Owner of Pottsville hospitals sues medical supply firms
Dec 25, 2012 (Menafn - Republican & Herald - McClatchy-Tribune Information Services via COMTEX) --Schuylkill Health System, which operates Pottsville's two hospitals, has sued two manufacturers of hospital supplies, charging that they engaged in monopolistic practices that drove up the costs of their products.
In a 21-page antitrust complaint filed Dec. 18 in U.S. District Court in Philadelphia, the system alleged that Cardinal Health Inc., Dublin, Ohio, and Owens & Minor Inc., Mechanicsville, Va., conspired to maintain artificially high prices for medical and surgical items, most notably sutures and endomechanical products.
"Through the exclusionary and anticompetitive conduct ... (Cardinal and O&M) have unlawfully maintained dominance in the U.S. markets for sutures and endo(mechanical) products, and thereby artificially inflated prices to (Schuylkill Health System)," the complaint reads in part.
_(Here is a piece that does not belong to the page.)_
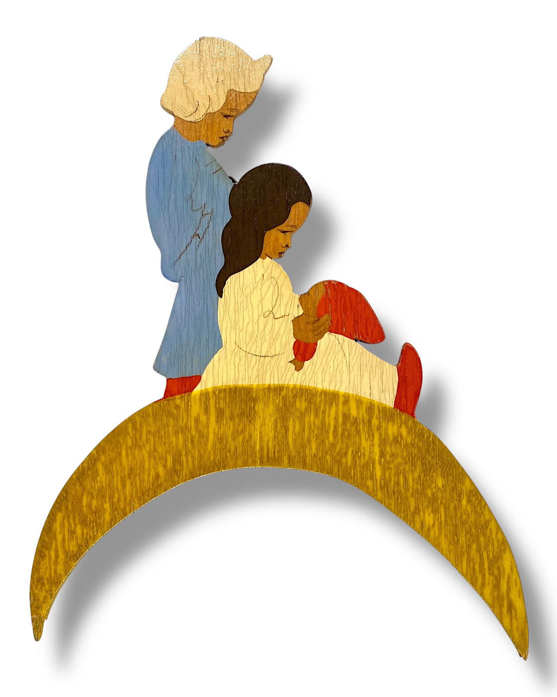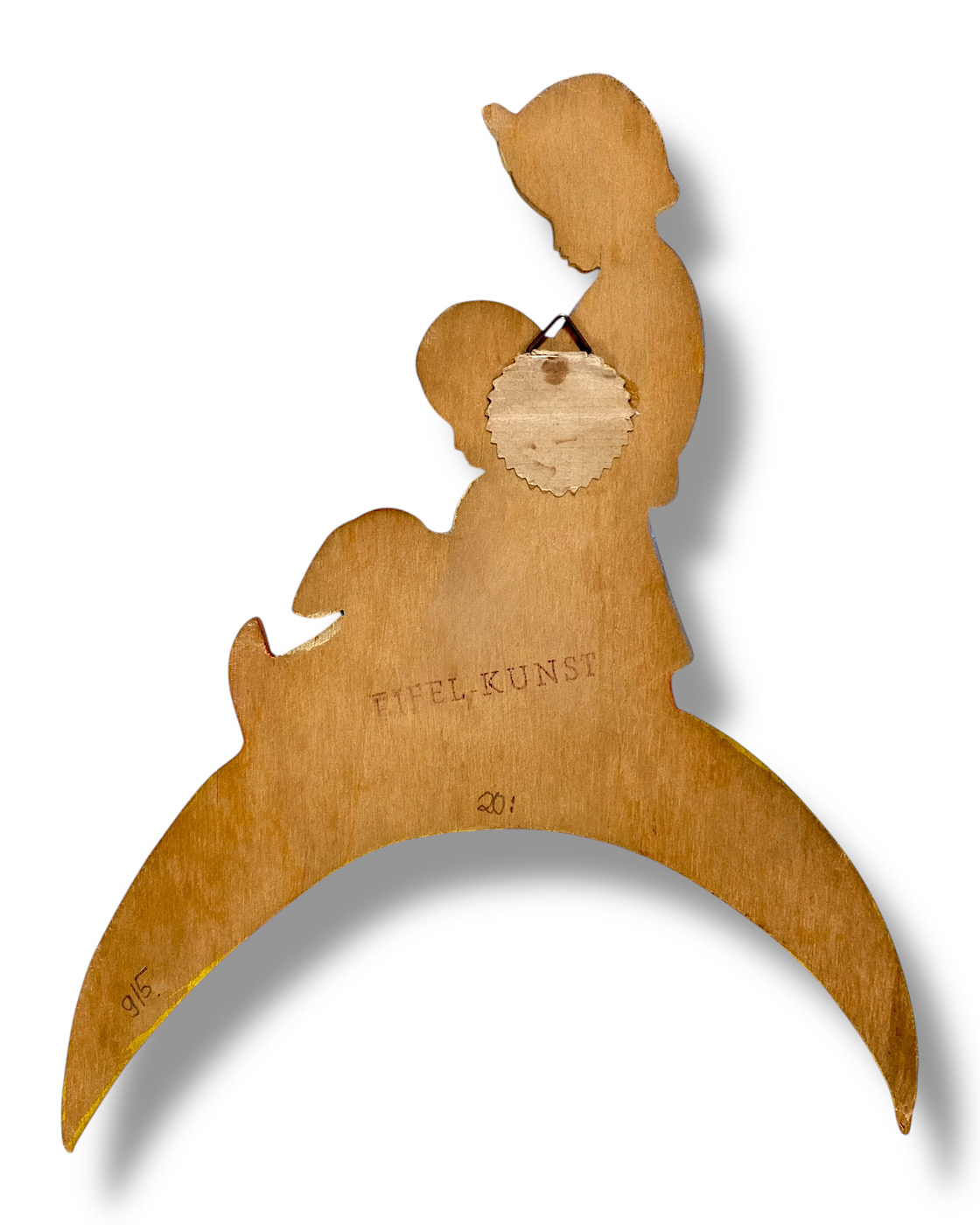 1940er Eifelkunst: Peterchens Mondfahrt mit Anneliese und Puppe, Handbemalt 20cm 🇬🇧 Little Peter’s Journey to the Moon with Annelie and Doll (Märchen-Holzbild, German Wall Figure)
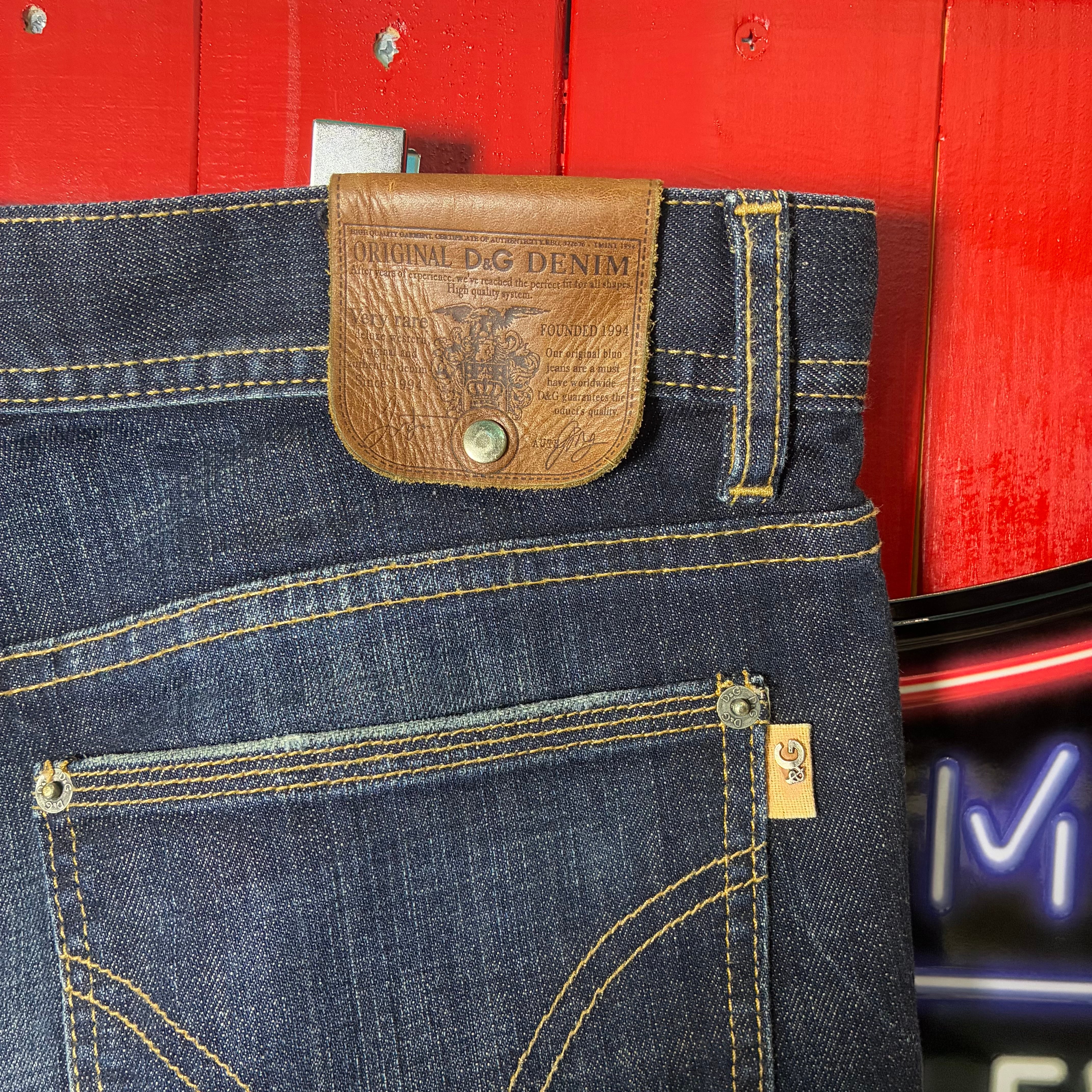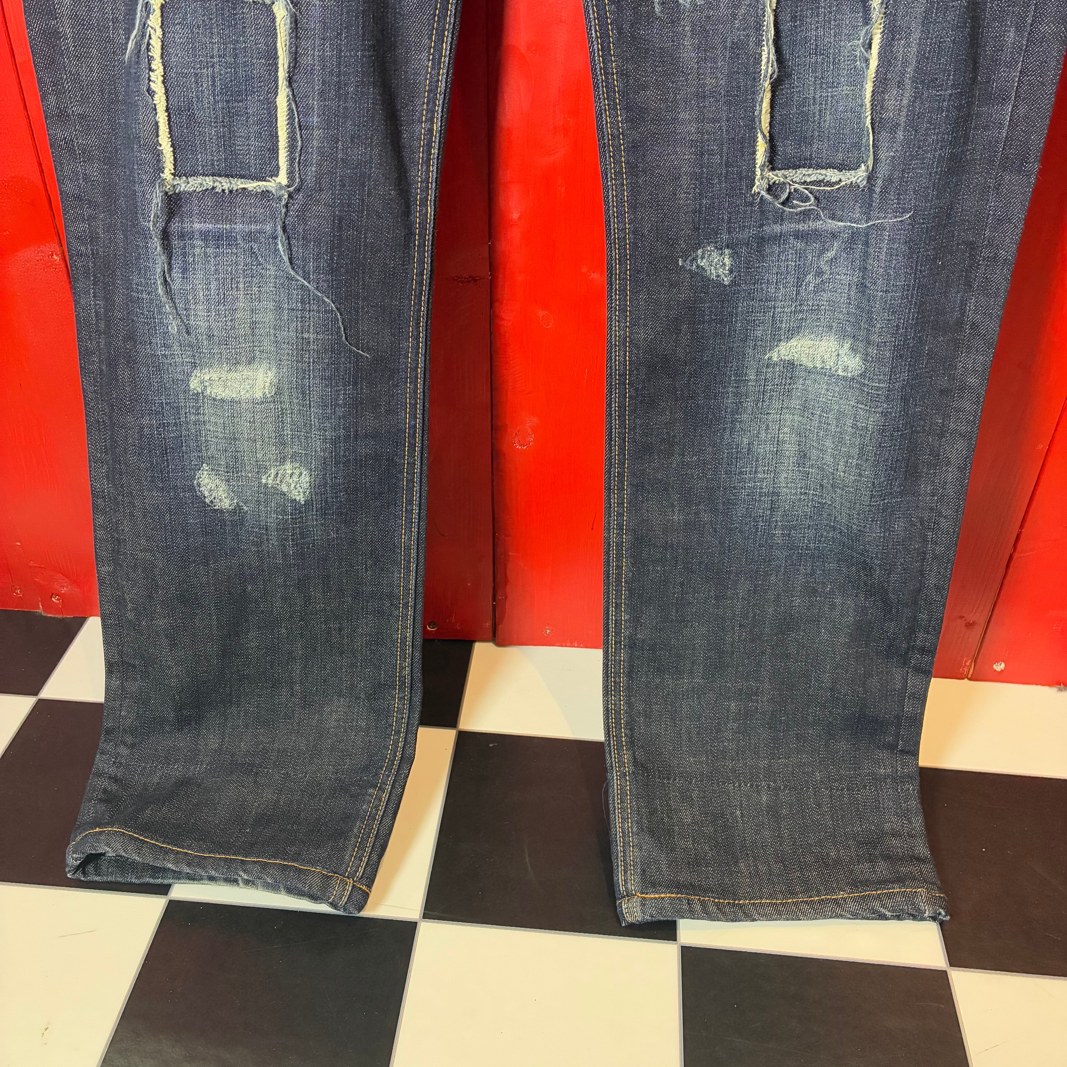 00s イタリア製 D&G DOLCE&GABBANA Y2Kダメージデニムパンツ 濃紺 ドルガバ W34

Schuylkill Health System demanded a jury trial in the case and asked the court to allow the lawsuit to become a class action, declare the defendants' conduct unlawful, and that it be awarded costs, attorney fees and, as authorized under federal antitrust law, triple the money it lost from the alleged overcharging.
The system operates Schuylkill Medical Center-East Norwegian Street, the former Good Samaritan Regional Medical Center, and Schuylkill Medical Center-South Jackson Street, the former Pottsville Hospital and Warne Clinic.
In its complaint, the system alleged that O&M and Cardinal have a combined share of 72 percent of the U.S. market for medical and surgical products and have similar dominance of the distribution of those products throughout the country.
That is especially true for sutures, which are devices used to hold body tissues together after surgeries or injuries, and endo products, which are devices used in laparascopic and other minimally invasive surgeries, the complaint reads in part.
Cardinal and O&M violated antitrust law by conspiring to dominate the market at the expense of Suture Express, Overland Park, Kan., which sought to compete with them, according to the complaint.
The two companies did so by forcing hospitals to sign exclusionary contracts that require them to buy sutures and endo products, along with other supplies, from Cardinal and O&M, the complaint reads in part. Hospitals that do not want to buy sutures and endo products must, under the terms of those contracts, pay a distribution fee for the items they do buy from the two companies, according to the complaint.
"(Cardinal and O&M) unlawfully bundle the sale of sutures and endo products to the sale of other (medical and surgical) products," the complaint reads in part.
The distribution fee, which ranges from 1 percent to 5 percent of the total purchase price, is actually a penalty that hurts hospitals, according to the complaint.
"The penalty is economically prohibitive because the savings an acute care provider (hospital) realizes by purchasing sutures and endo products from (Suture Express) are overwhelmed by the penalty the acute care provider must pay an all other (medical and surgical) products," the complaint reads in part.
In the complaint, the system alleged the penalty is anticompetitive, and the fact that Cardinal and O&M each impose it shows that they are acting in concert in violation of antitrust law. The effect has been to foreclose competition and allow both companies to charge higher prices, according to the complaint.
"Absent (the scheme), barriers to entry to the sutures and endo products markets would have been lower, which would have made it easier for existing or new competitors to enter or expand their positions in the markets," the complaint reads in part.
U.S. District Judge Juan R. Sanchez is presiding over the case.